Milhares de iranianos comparecem a funeral de vítimas de ataque a escola no Irã
Milhares de cidadãos iranianos compareceram nesta terça-feira, 3 de março de 2026, ao funeral coletivo das mais de 150 pessoas mortas em um ataque a uma escola primária na cidade de Minab, localizada no sul do Irã. O evento fúnebre reuniu uma multidão em luto, que prestou suas últimas homenagens às vítimas, incluindo muitas crianças, em um momento de profunda comoção nacional.
ONU pede investigação rápida e imparcial sobre o bombardeio
O escritório de direitos humanos da Organização das Nações Unidas (ONU) emitiu um pedido formal nesta terça-feira para uma investigação imediata sobre o ataque que atingiu a escola de meninas em Minab. Ravina Shamdasani, porta-voz do órgão sediado em Genebra, declarou que o alto comissário da ONU para os Direitos Humanos, Volker Türk, defende uma apuração rápida, imparcial e minuciosa das circunstâncias do bombardeio.

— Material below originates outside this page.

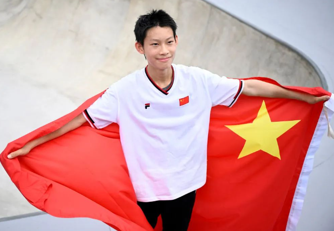 15岁少年陈烨滑板男子碗池项目摘金:速度和腾空的感觉都很吸引我
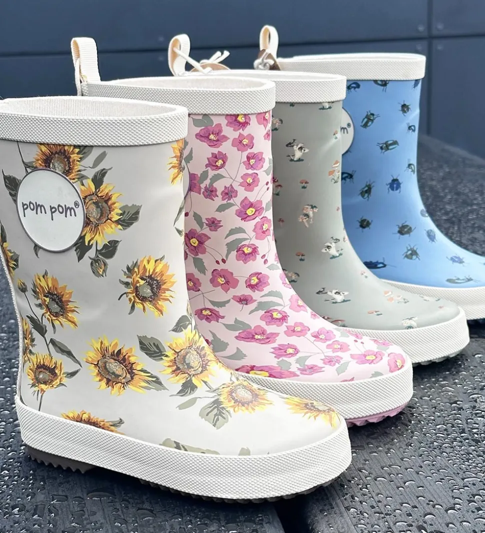 Pom Pom gummistøvlerne har et mellemhøjt skaft med en strop bagpå, så de er lette at få på. Indvendigt er der tekstil og udtagelige indersåler. Gummistøvlerne er meget fleksible med et skridmønster under bunden, som sikrer et godt fodfæste.

Shamdasani enfatizou que cabe às forças responsáveis pelo ataque conduzir a investigação e divulgar informações transparentes sobre o ocorrido. Ela descreveu o incidente como absolutamente horrível, citando imagens que circulam nas redes sociais que mostram a essência da destruição, do desespero, da falta de sentido e da crueldade deste conflito.
Detalhes do ataque e reações internacionais
O bombardeio ocorreu no sábado, 28 de fevereiro, primeiro dia de uma ofensiva coordenada dos Estados Unidos e de Israel contra o Irã. A escola, situada em uma região meridional do país, foi atingida por mísseis, resultando em um número significativo de baixas. O secretário de Estado dos EUA, Marco Rubio, afirmou na segunda-feira, 2 de março, que as forças americanas não atacariam deliberadamente uma escola, enquanto Israel informou que está investigando o incidente.
O embaixador do Irã na ONU em Genebra, Ali Bahreini, já havia enviado uma carta a Volker Türk em 1º de março, classificando o ataque como injustificável e criminoso, com relatos indicando que cerca de 150 estudantes perderam a vida. A porta-voz da ONU acrescentou que Türk também pediu que todas as partes envolvidas no conflito ajam com moderação e retomem as negociações para evitar mais tragédias.
Questões sobre crimes de guerra e apurações pendentes
O escritório de direitos humanos da ONU afirmou que ainda não possui informações suficientes para determinar se o bombardeio pode ser considerado um crime de guerra. Essa avaliação depende de uma análise detalhada dos fatos e das intenções por trás do ataque. Enquanto isso, a comunidade internacional acompanha com atenção o desenrolar das investigações, que são cruciais para esclarecer responsabilidades e garantir justiça.
O funeral em Minab serviu como um momento solene de reflexão sobre o custo humano dos conflitos, com imagens mostrando caixões alinhados e túmulos sendo abertos para as vítimas. A tragédia reforça a urgência de esforços diplomáticos para conter a violência e proteger civis inocentes em zonas de guerra.